Yamaha Motor Corp., U.S.A., introduces its full 2010 model year ATV product line, including a new sport ATV designed specifically with the trail rider in mind, the YFZ450X. In total, Yamaha will produce 17 ATV models for 2010, including its Grizzly utility line and Raptor and YFZ sport lines. The YFZ450X is new to Yamaha's sport ATV line and replaces the original YFZ450 for tight woods and trail riding. It is 46.1 in. wide with optimized suspension, fuel injection and a cast aluminum-steel hybrid frame.

For more information, visit www.yamaha-motor.com.

Revolutionary forage

Masters Choice Research and Development division has created an alternate route to lower feed costs — MasterGraze BMR. It's a high sugar level, specialty forage that can be harvested in many versatile ways including grazing, haylage or balage. The forage's extensive tiller network brings massive amounts of feed tonnage per acre compared to summer sudans, while the brown mid-rib characteristics make the tonnage more digestible than other silage varieties. Lab analysis shows MasterGraze BMR has protein levels of 15-20% and low lignin content, making the whole plant up to 30% higher in digestibility than other forages.

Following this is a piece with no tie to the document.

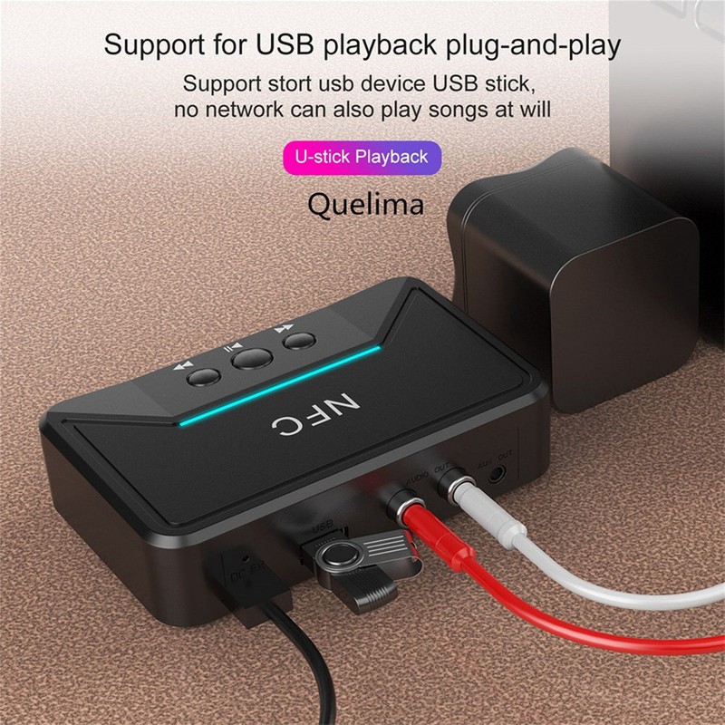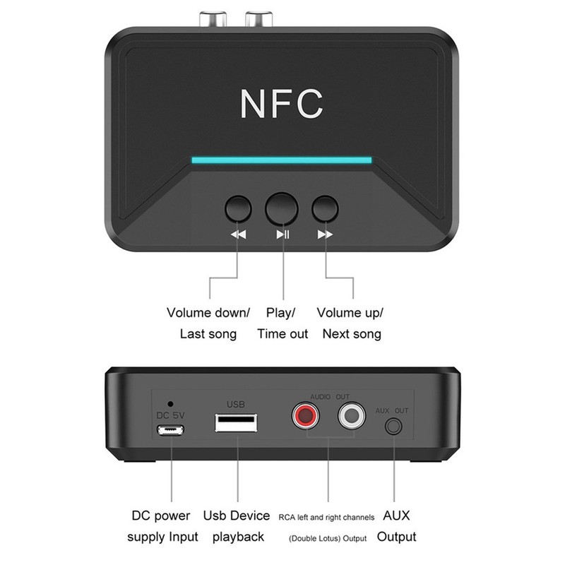 1、[NFC Near Field Pairing] Support NFC near field pairing, pairing NFC to automatically turn on or off Bluetooth wireless connection, support U disk. 2、[Widely Compatible] Bluetooth adapter receiver with 3.5MM AV output interface, which can be widely compatible to meet your various need. 3、[Power Isolation Technology] Bluetooth receiver use the latest power isolation technology to ensure perfect sound quality, let you feel the high quality music. 4、[Durable Material] Made of high quality ABS material, which is safe, durable, wear resistant, and can be used for a long time. 5、[Stable Performance] Bluetooth receiver is exquisite in workmanship, stable in performance, so you can be used with confidence.

For more information, call 866-444-1044 or visit seedcorn.com.

Handheld weighing

ClicRweight claims its handheld cattle-weighing device accurately calculates a single animal's weight by using optical imaging technology to acquire a three-dimensional image of an animal from a distance of 10-15 ft. While conventional scales are mechanical, require maintenance and calibration, and often necessitate transportation of cattle to a weighing facility, the company says the ClicRweight optical weighing device seamlessly and easily incorporates into existing business practices, saving money and time and reducing stress for both ranchers and cattle.

For more information, call 866-460-2941 or visit www.clicrweight.com.

iPhone/iPod apps

Would you like to know the projected breakeven and cost of gain for a lot of cattle, any place or anytime? Just download the Cattle Breakeven Calculation App from the iTunes App Store to an iPhone/iPod touch. Then input several pieces of information to calculate projected breakevens, cost of gain, days on feed, ADG and estimated ship date plus more.

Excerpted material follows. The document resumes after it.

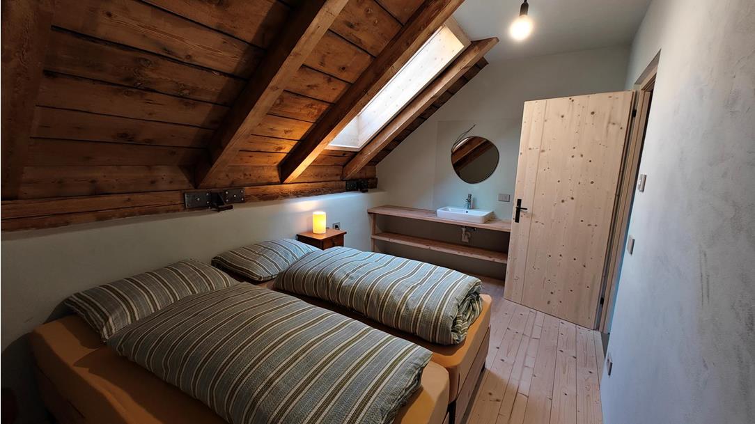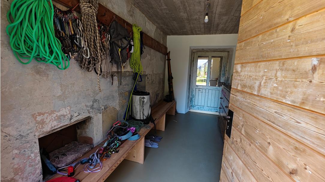 Das Haus bietet Platz für 8 Teilnehmer/innen plus Bergführer & Koch – ideal für eine entspannte, gemeinschaftliche Kletterwoche. Nach einem erlebnisreichen Tag am Fels klingt der Abend bei gemeinsamem Kochen, Essen und gemütlichem Beisammensein am Feuer aus. Die Unterkunft verfügt über fünf Zweibettzimmer mit Waschbecken, zwei Duschen und drei Toiletten. Draußen laden Pizzaofen, Grill für die lauen Sommerabende ein, während drinnen ein großer Gemeinschaftsbereich zum Genießen, Ratschen, Lesen oder Spielen einlädt.

For more information, contact Hi-Plains Systems at 800-327-8295 or visit www.hiplainsystems.com.

High-volume rake

An operating speed as high as 15 mph allows New Holland's H5980 heavy-duty wheel rake to meet the rigorous demands of hay growers requiring high-speed, high-volume, flat-land raking. Eight, 60-in. raking wheels on the left side and nine on the right rake an area up to 30 ft., 3 in. wide, and the offset design turns all the crop, ensuring uniform drydown. With no center kicker wheel, the operator can drive faster, and convenient hydraulic adjustment allows the operator to change windrow width from the tractor seat to produce a finished windrow as wide as 72 in.

For more information, contact your local New Holland dealer or visit www.newholland.com/na.

Cob harvester

Vermeer Corporation offers a limited number of CCX770 Cob Harvesters for the 2009 harvest season. The CCX770 is self-contained and tows directly behind select corn-harvesting combines to collect and unload cobs. Because the CCX770 has its own engine, it minimizes undue stress on qualified combines.

The cob harvester's patented separation system redistributes leaves and husks back to the soil for a sustainable approach to harvest agricultural biomass. It offers unloading capabilities from 9 ft., 7 in. to 15 ft., 6 in. maximum dump height, holds up to 8,000 lbs./load of material, and unloads in 90 seconds.

For more information, visit www.vermeerag.com.

Cow-calf opportunity

Opportunities, even necessity, to add weight beyond the weaning pasture and before the feedlot continue to grow.

Even with record corn yield predicted, and corn prices projected to hover around $3/bu. — substantially lower than last year — forage still wins the race for cost of gain. That should be more pronounced this year with bumper hay and forage crops across much of the nation.

Plus, it's not like calf prices are all that enticing to sellers; and that was before the fall run began.

Despite heady average cow-calf profits earlier this decade, there has been no economic incentive for herd expansion, according to Kevin Good, CattleFax market analyst.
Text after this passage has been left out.